§ Problem statement: Repeat exactly the lines of the material below that run from the "This comes from" line to the "Austerlitz Bridge to" line, including both, and do not carry over any pictures.
(Material for this task Opens)
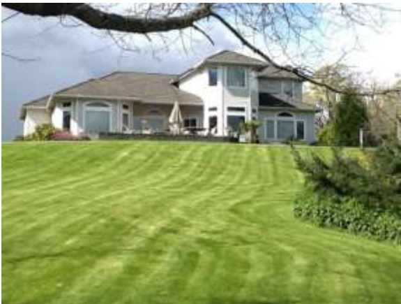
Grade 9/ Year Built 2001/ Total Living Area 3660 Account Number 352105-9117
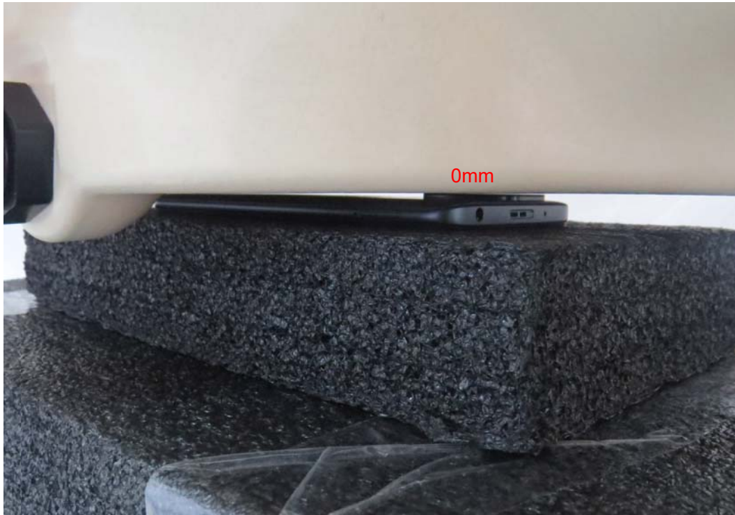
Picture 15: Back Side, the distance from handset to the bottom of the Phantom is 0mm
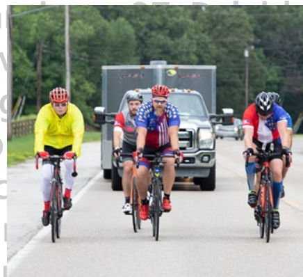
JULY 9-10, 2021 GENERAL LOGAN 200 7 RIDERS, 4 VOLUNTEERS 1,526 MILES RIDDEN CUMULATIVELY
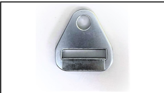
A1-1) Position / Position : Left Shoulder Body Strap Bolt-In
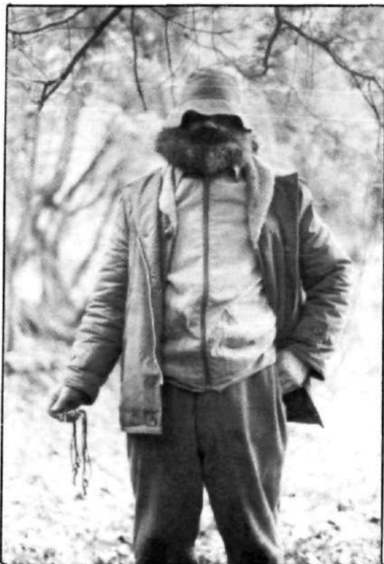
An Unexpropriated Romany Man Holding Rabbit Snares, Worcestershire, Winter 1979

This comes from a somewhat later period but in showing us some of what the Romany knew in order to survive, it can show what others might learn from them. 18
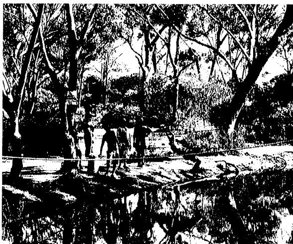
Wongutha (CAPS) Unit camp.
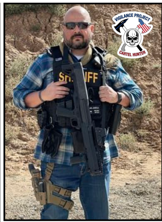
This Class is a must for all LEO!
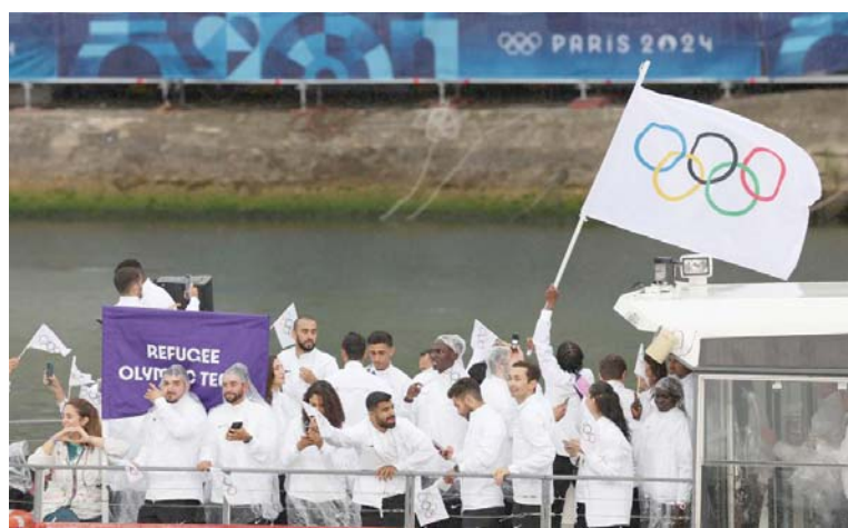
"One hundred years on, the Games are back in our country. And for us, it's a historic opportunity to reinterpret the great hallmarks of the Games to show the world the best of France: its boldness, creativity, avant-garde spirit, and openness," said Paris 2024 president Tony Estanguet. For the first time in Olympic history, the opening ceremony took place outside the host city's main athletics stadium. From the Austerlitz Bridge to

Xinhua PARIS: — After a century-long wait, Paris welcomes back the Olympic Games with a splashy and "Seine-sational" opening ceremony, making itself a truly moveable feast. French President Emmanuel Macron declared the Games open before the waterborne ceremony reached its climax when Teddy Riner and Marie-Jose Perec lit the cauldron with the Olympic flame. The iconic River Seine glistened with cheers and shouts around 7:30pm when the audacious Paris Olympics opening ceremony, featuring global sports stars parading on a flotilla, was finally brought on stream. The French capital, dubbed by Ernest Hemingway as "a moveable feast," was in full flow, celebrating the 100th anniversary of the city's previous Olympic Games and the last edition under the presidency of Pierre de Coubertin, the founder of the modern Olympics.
(Material for this task Closes)
§ Answer to this exercise:
This comes from a somewhat later period but in showing us some of what the Romany knew in order to survive, it can show what others might learn from them. 18
Wongutha (CAPS) Unit camp.
This Class is a must for all LEO!
"One hundred years on, the Games are back in our country. And for us, it's a historic opportunity to reinterpret the great hallmarks of the Games to show the world the best of France: its boldness, creativity, avant-garde spirit, and openness," said Paris 2024 president Tony Estanguet. For the first time in Olympic history, the opening ceremony took place outside the host city's main athletics stadium. From the Austerlitz Bridge to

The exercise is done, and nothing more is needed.